● Task
Please print exactly the lines from the one containing "天誉誉府343平别墅现代轻奢风格装修案例风效果图" through the last line of the records, and only those. Leave out any pictures.

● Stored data
★ ★ ★ ★
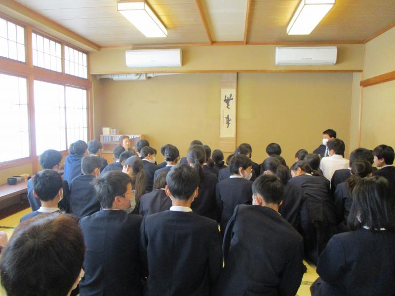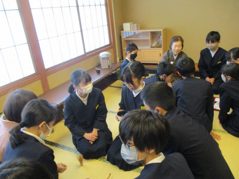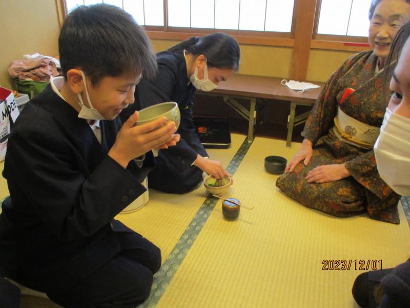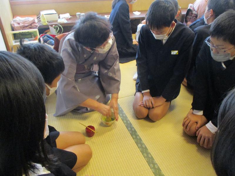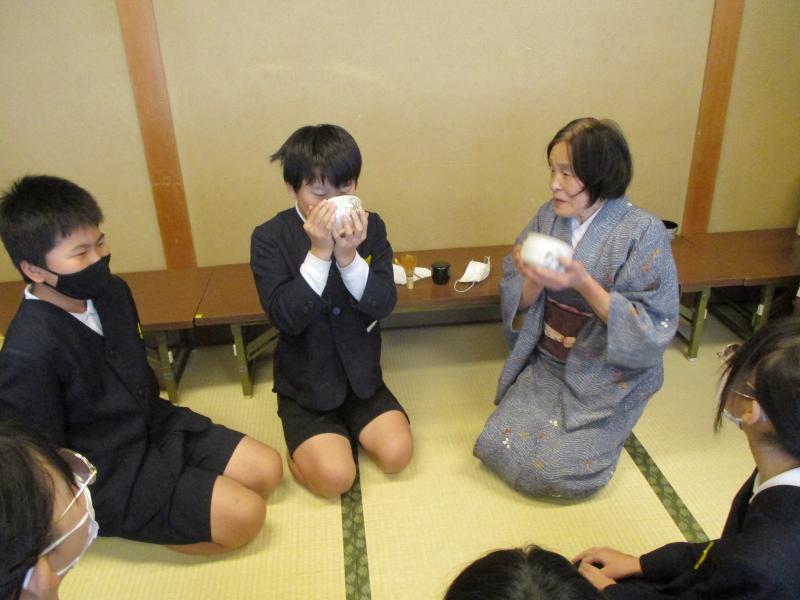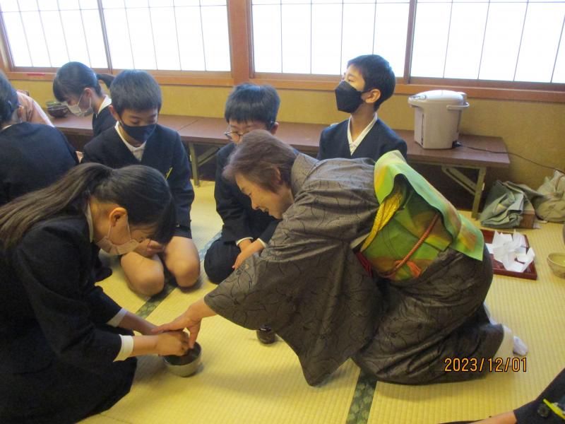6年生は,野々市市茶道協会のご協力により、茶道を体験させて頂きました。しっかりを抹茶を点てました。茶杓、茶せんを使い1人1人がお茶を点ててお茶を愉しみました。
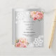 An elegant and romantic 25th wedding anniversary invitation. A faux silver looking background decorated with pink and rose gold florals, roses and white lace. Personalise and add your names and details.
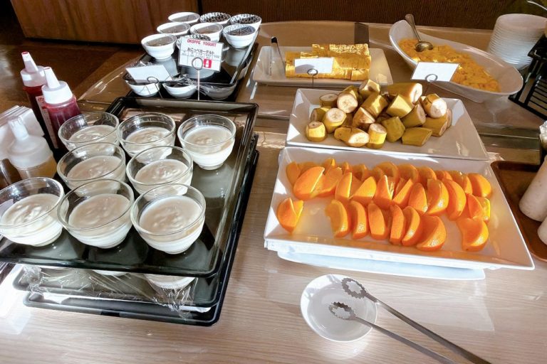 他にも料理はあるけど、先にデザートコーナーを紹介。バナナとオレンジのほか、紋別より少し上にある街「興部」で作られた「おこっぺヨーグルト」が置かれています。濃厚なヨーグルトなので、とりあえずハチミツとか何も掛けずに食べてみてほしい。
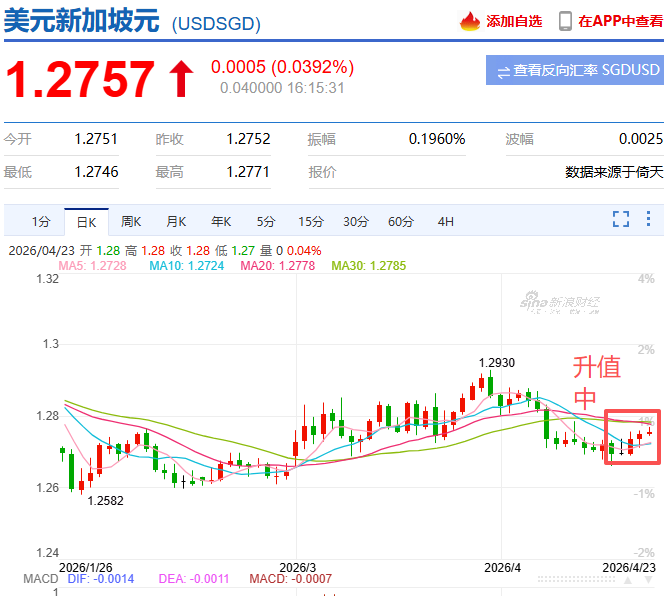 美元兑新币汇率从本月中开始上涨
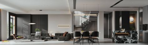 天誉誉府343平别墅现代轻奢风格装修案例风效果图
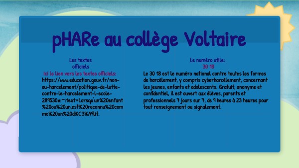 L'équipe ressources: Au collège Voltaire, une équipe ressource a été formée. Elle est composée de 8 adultes. Elle analyse les situations, elle communique avec les élèves et les familles, elle écoute les élèves, elle se réunit pour discuter et trouver des solutions.
★ ★ ★ ★
● Response box
 天誉誉府343平别墅现代轻奢风格装修案例风效果图
 L'équipe ressources: Au collège Voltaire, une équipe ressource a été formée. Elle est composée de 8 adultes. Elle analyse les situations, elle communique avec les élèves et les familles, elle écoute les élèves, elle se réunit pour discuter et trouver des solutions.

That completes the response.